Reed-Solomon encoding is not meant to work with
your parameters, independent of the program code.

You can choose following things:

  • A B, that is how many bit one data unit has (eg. B=8 for normal byte data).
  • A T with 0 <= T < (2^b)/3: Larger Ts mean better error correction, but less encoding speed.
  • Some irreducible polynomial and base power, not important here.

You can NOT choose:

  • GF/polynomial base is 2^B, nothing else.
  • Each plaintext block (without RS checksum data) has to be
    (2^B - 2*T - 1) data units (here bytes), nothing else.
  • For each plaintext block, RS will additionally calculate 2*T data units checksum data.
  • Thus, a block with plaintext and checksum data together has 2^B -1 data units.
    This means, with bytes as data units, such a block has exactly 255 byte, nothing else.
  • When decoding again, up to T wrong data units can be corrected
    (the errors may be in plaintext and/or checksum part, doesn't matter)
  • Up to 2*T wrong data units can be recognized, but necessarily corrected.
  • With more than 2*T errors, all bets are off.

In the example code (partially):

const std::size_t field_descriptor = 8;
const std::size_t code_length = 255; 
const std::size_t fec_length = 32;
const std::size_t data_length = code_length - fec_length;  
  • field_descriptor is B.
  • code_length is a full block length (plaintext + checksum).
  • fec_length is a checksum length.
  • data_length is a plaintext block length.

So for each 233 plaintext byte, RS calculates 32 checksum byte
(=255 total byte), to be able to correct up to 16 wrong byte later.

In your code, you choose GF(2^8) and byte data, so B=8, thus code_length 128 is wrong. It has to be 255. The checksum part length 113 is too much and not even, and the plaintext length isn't the difference of the previous values.
...

Other than that, of 6 RS codes I know in the internet, Shifra is by far the worst (very slow despite being praised as "highly optimzed", quirky code, problematic license, ...). Choose anything, but not Schifra.

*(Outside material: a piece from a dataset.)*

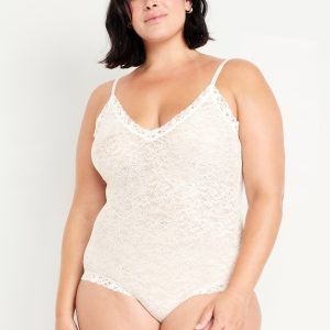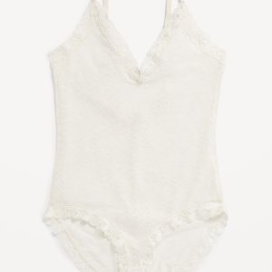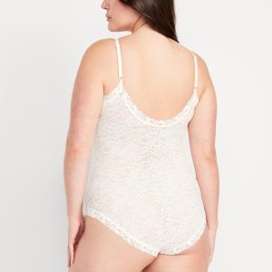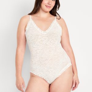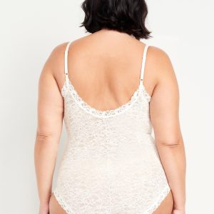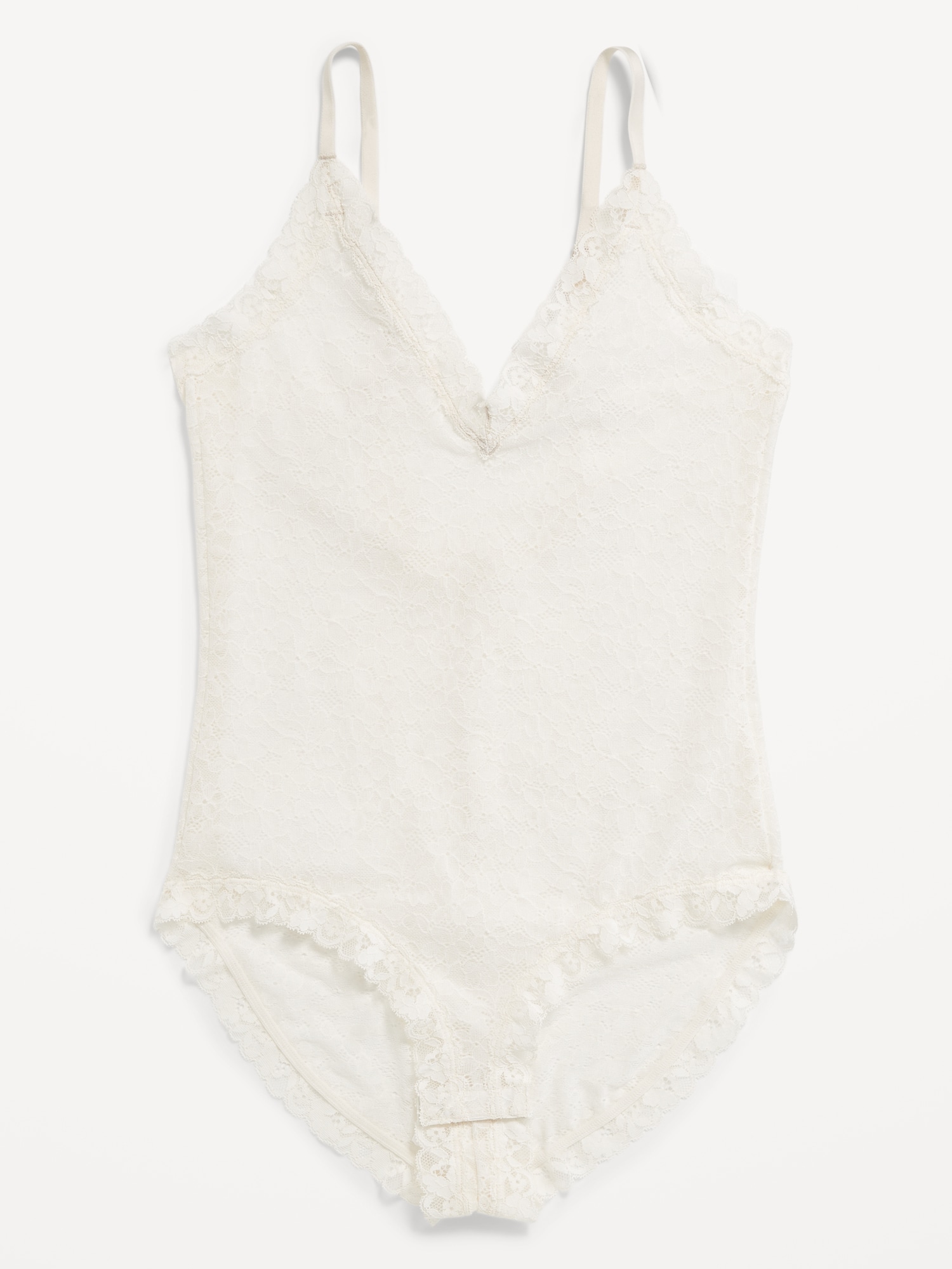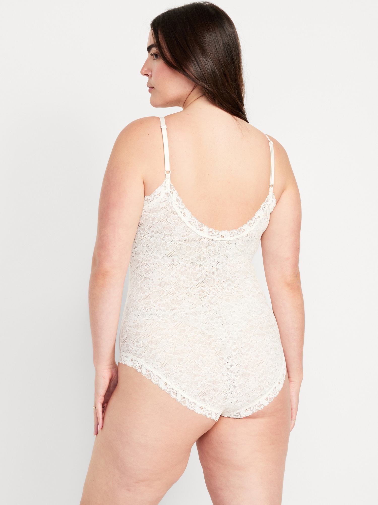 V-Neck Lace Bodysuit: deep v-neck, adjustable straps, scoop back, snaps at inseam, unlined, #487778
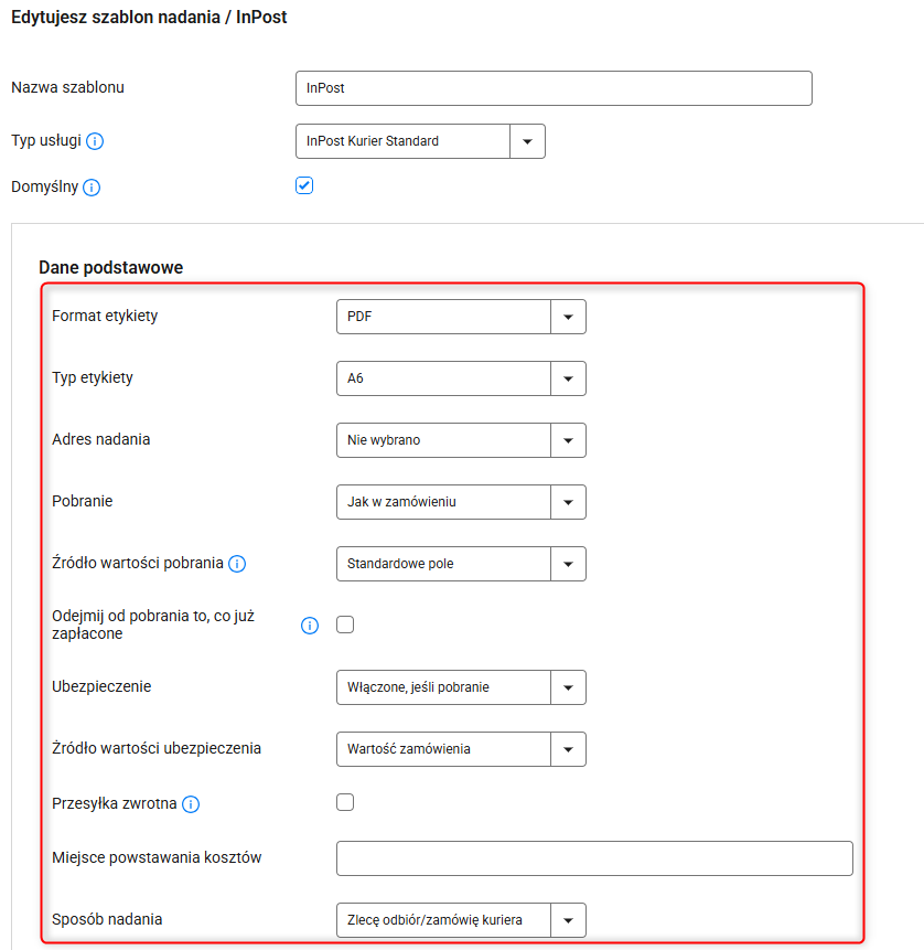 UWAGA: Możesz utworzyć osobne szablony nadania dla każdego konta InPost lub stworzyć je tylko na jednym koncie. Szablony utworzone dla danego konta będą dostępne także dla pozostałych kont w ramach tej samej integracji.

I'll check if I can share something I wrote ... Including learning about the inner workings of the algorithm, writing everything (encoder+decoder) took not even a day, and it was 3 times faster than Schifra on the test machine back then (no asm, just C++). The downside is that is can only work with byte-based data, ie. B=8, without being able to choose other bases. But probably you don't need that anyways.